The show, which starred Bloom as the mishegas-begotten Rebecca, infused a girl-meets-boy, girl-loses-boy premise with a girl-never-stops-pursuing-boy plot. Each episode featured wickedly droll musical numbers (all co-written by Bloom) and a generous helping of Jewish inside jokes. 

Who could forget Tovah Feldshuh as Rebecca’s verklempt mama, visiting her daughter in West Covina and singing the Fiddler-esque “Where’s the Bathroom.” (Sample lyric: “By the way, you’re looking healthy/And by “healthy” I mean “chunky”/I don’t mean that as an insult/I’m just stating it as fact/I see your eczema is back.”)

Funny and frothy as it was, “Crazy Ex-Girlfriend” did feature a serious abortion storyline in season 2, when the character of Paula (Rebecca’s bestie), who already had two much older children, chooses an abortion when she becomes pregnant and has zero regrets.

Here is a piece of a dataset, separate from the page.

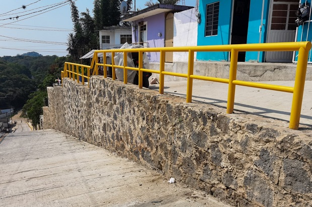 En sitios donde la banqueta quedó a un nivel más alto, fueron instalados barandales para dar más seguridad a los peatones que a diario caminan por esta calle.
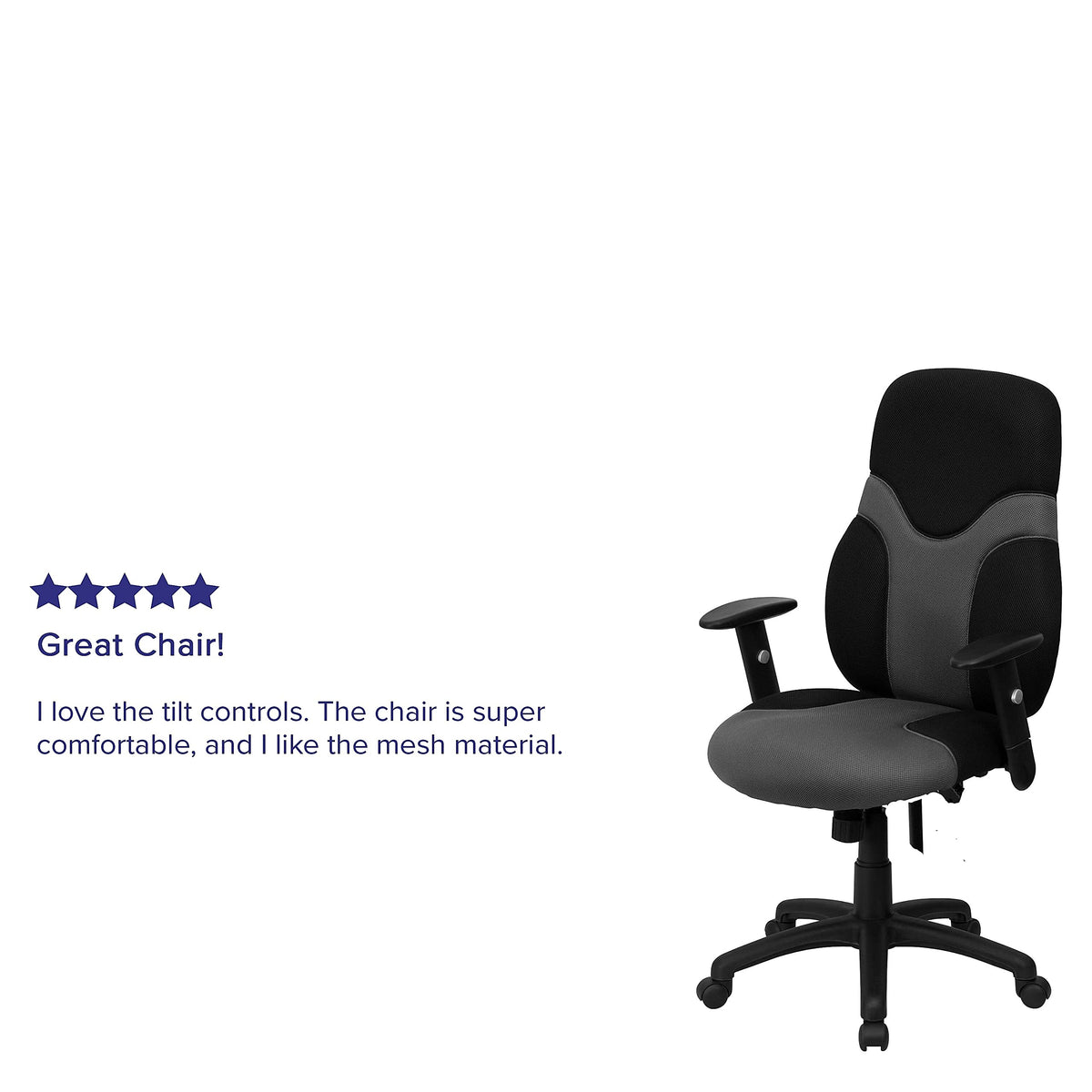 Flash Furniture Abbott High Back Ergonomic Black and Gray Mesh Swivel Task Office Chair with Adjustable Arms

Bloom later co-starred in 2022’s “Reboot,” a Hulu sitcom from creator Steve Levitan (“Modern Family”) about the making of a Hulu sitcom. Alongside a stellar cast that included Paul Reiser, Judy Greer and Keegan-Michael Key, Bloom played a frustrated showrunner of a doomed TV series. Life imitated art when “Reboot” was canceled after one season.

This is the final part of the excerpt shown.